El último hombre que Jaime vio caer fue a José María: el soldado Suárez corría detrás de él, pero sin poder alcanzarlo debido a que su compañero, aunque llevaba una enorme bandera en la mano, le sobraba en agilidad. Subían un cerro de Corea del Norte, que el Batallón Colombia pretendía tomarse. De pronto, José María fue alcanzado por una granada que lo hizo volar en pedazos, al tiempo que algunas esquirlas alcanzaron también al soldado Suárez en el tobillo y la rodilla izquierda. Jaime fue devuelto a Pusán y de allí a Tokio, en donde estuvo dos meses hospitalizado. En muchas de aquellas noches, en el hospital, siempre lo despertó el mismo sueño: veía a un hombre, con rostro desfigurado, que se acercaba a él mientras dormía. Levantaba un enorme fusil, tomándolo por el cañón, y descargaba un culatazo con todas sus fuerzas sobre su maxilar superior. En ese momento, Suárez se despertaba sobresaltado, aprisionándose la boca con sus manos. Este sueño lo siguió acompañando durante las noches que duró la travesía hacia Cartagena…

A las seis de la mañana, el enfermero abrió la puerta de la habitación. Jaime estaba despierto, tirado sobre su costado izquierdo, de cara a la puerta y abrazado a un palo de escoba, que en realidad era la única arma que mantenía consigo. Estaba solo. No había muertos en los camarotes, porque tampoco éstos existían. El enfermero le dijo, con cierto disimulo:

―Suárez: ya sé que anoche tuvo mucha actividad, pero ahora debe prepararse porque nos queda poco tiempo. Sabe, no me parece bien que siga durmiendo con su arma.

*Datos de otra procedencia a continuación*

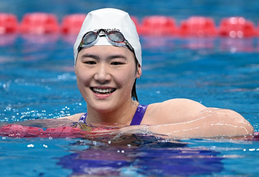 Ye Shiwen wins the women's 200m breaststroke at the Chinese national spring swimming championships in Qingdao on March 23, 2023. (Xinhua/Xia Yifang)

El anciano miró hacia el enfermero, pero sin fijarse en él. Parecía como traspasándolo con la mirada. Tomó el arma, y acompañó al enfermero hacia la ducha…

Una hora más tarde, un auto salía del manicomio en dirección a la IV Brigada. El encuentro de veteranos de la guerra de Corea había sido programado para las 9:00 de la mañana.